Previously, Maribel, Kings controller had applied overhead on the basis of machine hours. Expected machine hours for the coming year are 10,000. Maribel had been reading about activity based costing, and she wonders whether or not it might offer some advantage to her company. She decided that appropriate drivers for overhead activities are purchase orders for purchasing, number of setip cost, engineering hours for enginnering cost, and machine hours, 1000, setups and 500 engineering hours.
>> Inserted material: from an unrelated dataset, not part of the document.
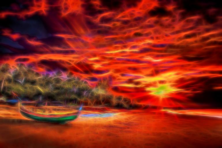 This captivating photograph captures the mesmerizing beauty of a tropical beach at sunset. A lone boat rests on the sandy shore, its colors subtly mirroring the vibrant hues of the sky. The dramatic sky is ablaze with a spectrum of fiery reds, oranges, and purples, creating a stunning backdrop that ...

Maribel has been asked to prepare bids for two jobs with the following information:

Job 1

Direct Materials $4,500

Direct labor $1,000

Number of purchase order 15

Number of setups 2

number of engineering hours 25

Number of machine hours 200

Job 2

Direct Materials $8,600

Direct labor $2,000

Number of purchase order 20

Number of setups 3

number of engineering hours 10

Number of machine hours 200

The typical bid priceincludes a 30% markup over the full manufactoring cost

1.Calculate a plantwide overhead rate for King Company based on machine hours. Wich is the total manufactoring cost for each job? What is the bid price of each job using this rate?

2. Calculae activity rate for the three overhead activities. Which is the total manufacturing cost for each job? What is the bid proce of each job using these rates?